- Facebook unveiled the Oculus Quest, its first standalone virtual reality headset that tracks where you are in a room.
- Business Insider got to try it out.
- It’s a remarkable device, but it still has some obvious shortcomings.
- However, it points to a wild future ahead for virtual reality.
I got shot in the head on Wednesday.
Crouching behind a wooden crate in the desert, I was caught in a gunfight when a stray bullet hit me square in the face. My vision went red; I was dead — until I respawned 10 seconds later, after running behind new cover.
I was at Facebook’s big virtual reality conference, Oculus Connect, in San Jose, California, trying out the latest VR headset from the Silicon Valley tech giant. The new device, the Oculus Quest, is slated for a Spring 2019 launch, and attendees were given the opportunity to test it out in a series of demos at the event.
It’s the first major virtual reality headset that is both completely standalone and able to track a user’s location in the real world — meaning you’re freed from having to place external sensors or lug around a backpack-mounted computer to power the experience.
From my admittedly brief time with it, it was a significant step towards the future promised by virtual reality boosters — fully immersive virtual environments, accessed through a simple headset — but the technical shortcomings of the present were still on clear display.
I got to try out two demos. One was Project Tennis Scramble, a quirky tennis game where you face off against a real-world opponent in virtual reality, as the racket and ball morph into quirky sports objects like golf clubs and beach balls.
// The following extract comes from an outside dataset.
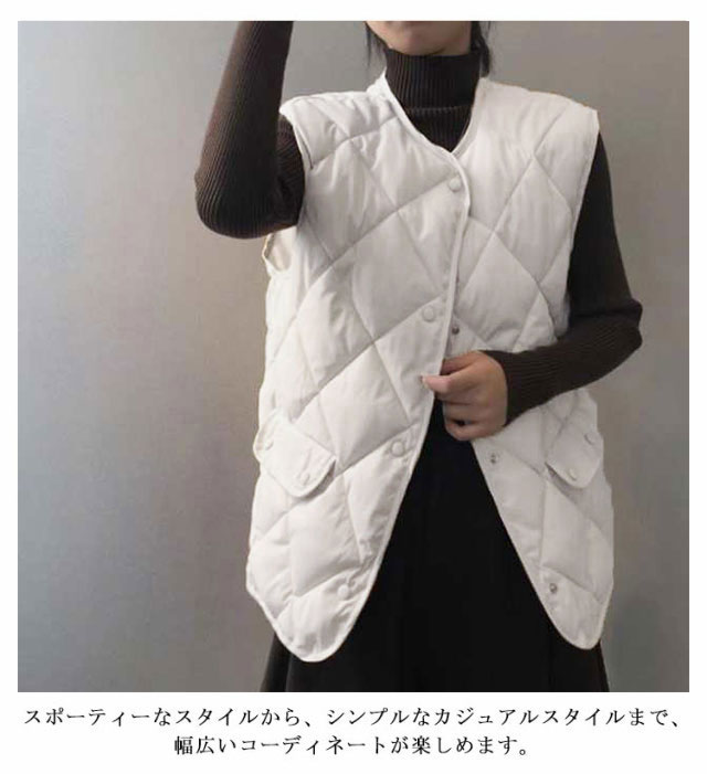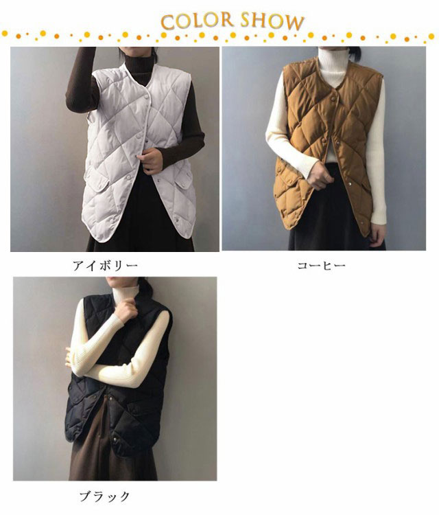 | 全3色×5サイズ!軽くてあたたかい秋冬新作ライトダウン風ベストが入荷。 肌寒い時期のアウターとしてはもちろん、薄手なので冬アウターのインナーにも重ね着OK。 中綿ベストは保温性が高く軽いのに暖かさをしっかりキープしてくれるので秋冬必須の防寒アイテムで。 冷え対策に防寒着としてルームウェアにもおすすめです。 スポーティーなスタイルから、シンプルなカジュアルスタイルまで、幅広いコーディネートが楽しめます。 | |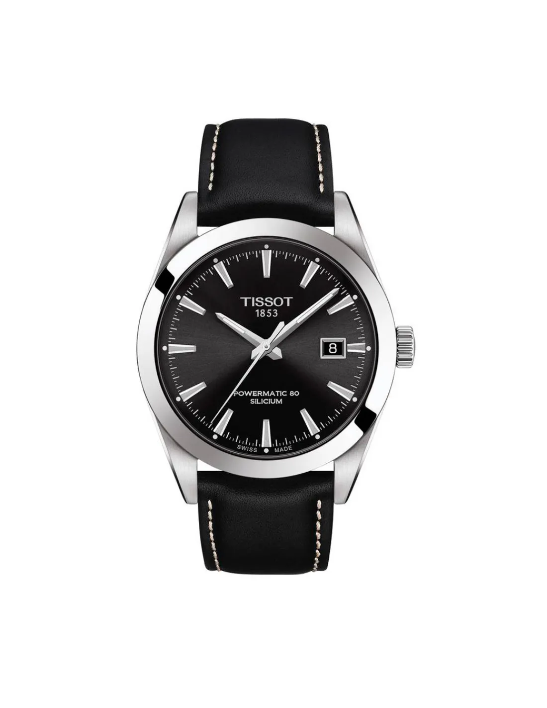 Reloj Tissot Gentleman Powermatic 80 para hombre con caja de acero inoxidable de 40 mm de diámetro, esfera negra con índices Superluminova y correa de piel color negra con pespuntes blancos. Movimiento automático Swiss Made con 80 horas de reserva de marcha.

During the demo, the headset felt a little heavy on the face, and the Oculus Quest’s motion-sensitive hand controllers struggled to return the ball in the direction I was intending — though I am admittedly terrible at real-world tennis, so I may not be the best judge of this.
Significantly more impressive was Dead & Buried, a Wild West multiplayer shooter that was being held in a 4,000 square foot arena. Teams of three faced off against each other, hiding behind real-world objects that corresponded to pillars and crates in a virtual world.
It felt exciting and immersive, and the first time I got shot, I involuntarily jolted backwards. It was surreal to feel real-world objects corresponding to the virtual environment. And the standalone headset meant I felt unimpeded by wires or additional equipment, free to run around the area as I wished.
In contrast: During demos of the older Oculus Rift headset, which must be tethered to an external computer, Oculus employees had to hold attendees’ cables for them to they didn’t get tangled in them.
This freedom, alone, makes it a significant step foward. And it makes it a far more compelling product than the likes of the Oculus Go, which, while standalone, can’t ascertain users’ real-world position or head motions, making it little more than a toy.
But it still fails to to solve any of the fundamental problems bedeviling virtual reality. It’s bulky and heavy, and will be draining to wear on your face for long periods. You can’t focus well on virtual objects close to you. And while it demoed well in carefully controlled environments, it’s not yet at all clear how it will perform in people’s actual homes.
During the event keynote on Wednesday, Facebook CEO Mark Zuckerberg said that the company believes it needs about 10 million users on a VR platform to actually be self-sustaining and making it worth developers’ time to keep building for it.
But a Facebook representative I interviewed refused to commit to hitting that target for Oculus Quest sales, stressing that it’s only the first generation of products — suggesting the company isn’t exactly convinced it will be a commercial success.
Without trying it extensively in “real” environments, away from Facebook’s minders, I’d be hesitant to recommend anyone buy the Oculus Quest — and even then, it would come with caveats.
But it’s still remarkable — and demonstrates the potential of virtual reality more clearly than ever.